The novel coronavirus COVID-19 brings up a host of concerns for employers as you focus on keeping employees safe and business on track. Not to be forgotten are the laws that may be implicated as the situation develops.
Under the Americans with Disabilities Act (ADA), an employer’s ability to make disability-related inquiries or require medical examinations is analyzed in three stages:
Preoffer. At this stage, the ADA prohibits all disability-related inquiries and medical exams, even if they are related to the job.
Postoffer. At this stage (after an applicant is given a conditional job offer but before starting work), an employer may make disability-related inquiries and conduct medical exams, regardless of whether they are related to the job, as long as it does so for all entering employees in the same job category.
Employment. After employment begins, an employer may make disability-related inquiries and require medical exams only if they are job-related and consistent with business necessity, which includes circumstances where an employee poses a direct threat because of a medical condition.
A direct threat involves a significant risk of substantial harm to the health or safety of the individual or others in the workplace, which can’t be eliminated by reasonable accommodation. Whether a virus like COVID-19 rises to the level of a direct threat depends on the severity of the illness, which is to be gauged by the latest information from the U.S. Centers for Disease Control and Prevention (CDC) or other governmental health assessments.
It’s worth noting that the ADA requires reasonable accommodations for individuals with disabilities during a pandemic—and the World Health Organization announced on March 11, 2020, that it considered the coronavirus a global pandemic.
According to the Equal Employment Opportunity Commission (EEOC), when preparing for a possible pandemic, you cannot ask employees to disclose if they have a compromised immune system or chronic health condition that may make them more susceptible to the virus before a direct threat (i.e., a pandemic) occurs.
Instead, to determine who is most likely to be absent during a pandemic, employers can issue nondisability-related yes-or-no inquiries to employees to determine nonmedical reasons for absences, e.g., those absences related to child care, care for other dependents, and reliance on public transportation.
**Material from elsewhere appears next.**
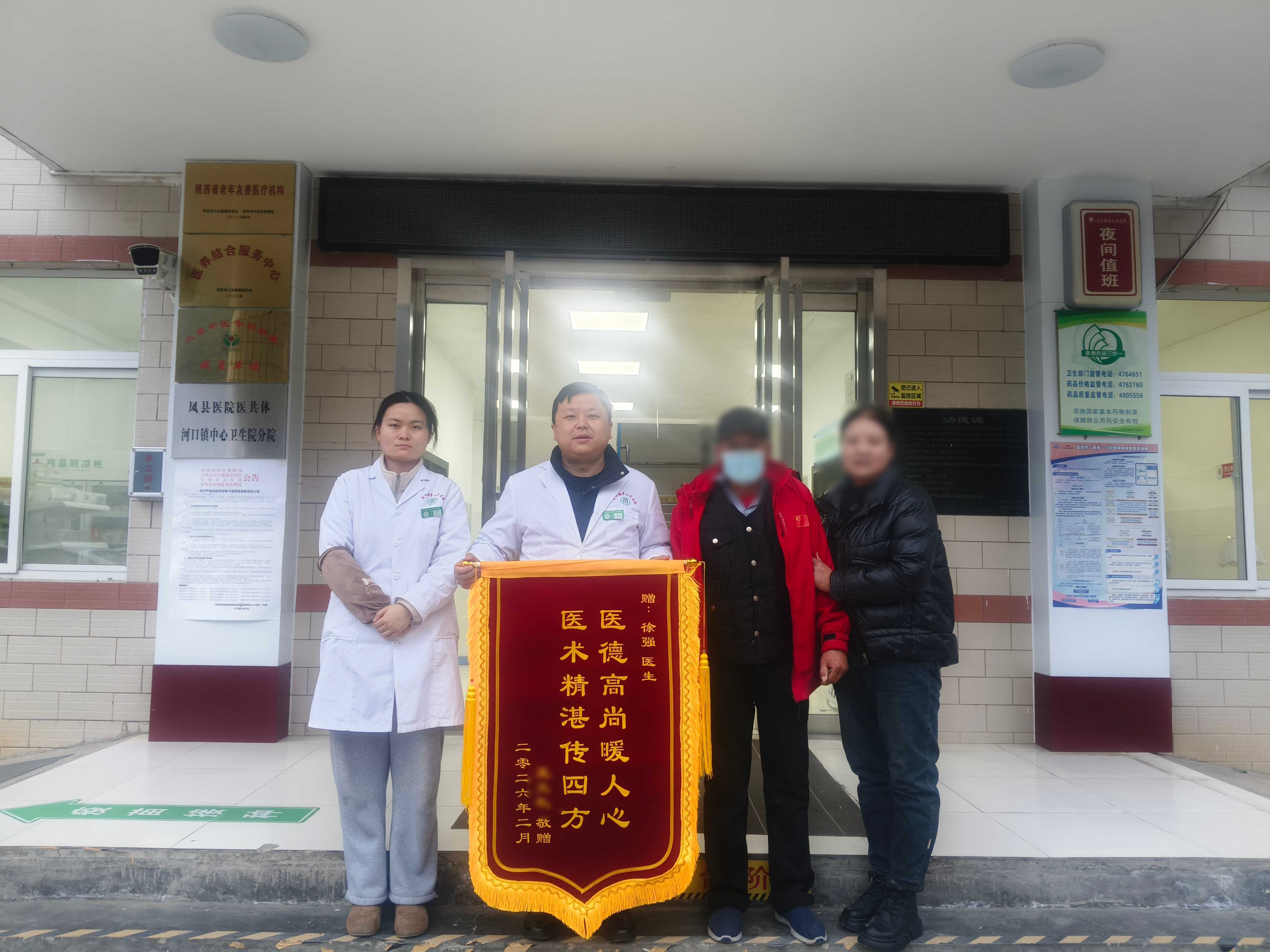 2月9日,患者王先生将一面印着“医德高尚暖人心,医术精湛传四方”的锦旗,送到河口镇中心卫生院院长徐强手上,不仅表达了他的满心感激,更镌刻着基层医者与群众之间深厚的医患情谊。

Also, you can require newly hired employees to have a postoffer medical exam to determine their health status, provided you implement the same requirement for all employees in the same job category.
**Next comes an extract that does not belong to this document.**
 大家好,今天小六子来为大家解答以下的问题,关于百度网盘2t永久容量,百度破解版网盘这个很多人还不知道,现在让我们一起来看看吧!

Actions Acceptable During a Pandemic
During a pandemic, employers can:
- Send employees home if they display coronavirus-like symptoms (fever, cough, shortness of breath).
- Ask employees if they are experiencing symptoms, provided the information is kept confidential.
- Measure an employee’s temperature if the employee is displaying severe symptoms or if the pandemic is widespread in the community where the individual becomes ill. Note that in nonpandemic situations, measuring temperature constitutes a medical exam.
- Require, based on CDC or other public health recommendations, that employees who recently traveled to certain locations remain home for several days after to be sure they’re clear of symptoms before returning to work. The CDC has said COVID-19 symptoms can present between 2 and 14 days after a person comes in contact with the virus.
- Encourage or require employees to telework as an infection-control strategy. Telework also may be a reasonable accommodation.
- Require employees to wear appropriate personal protective equipment (PPE), such as gloves, to reduce transmission of the virus provided that any employee who needs an accommodation for such PPE receives the accommodation, absent undue hardship.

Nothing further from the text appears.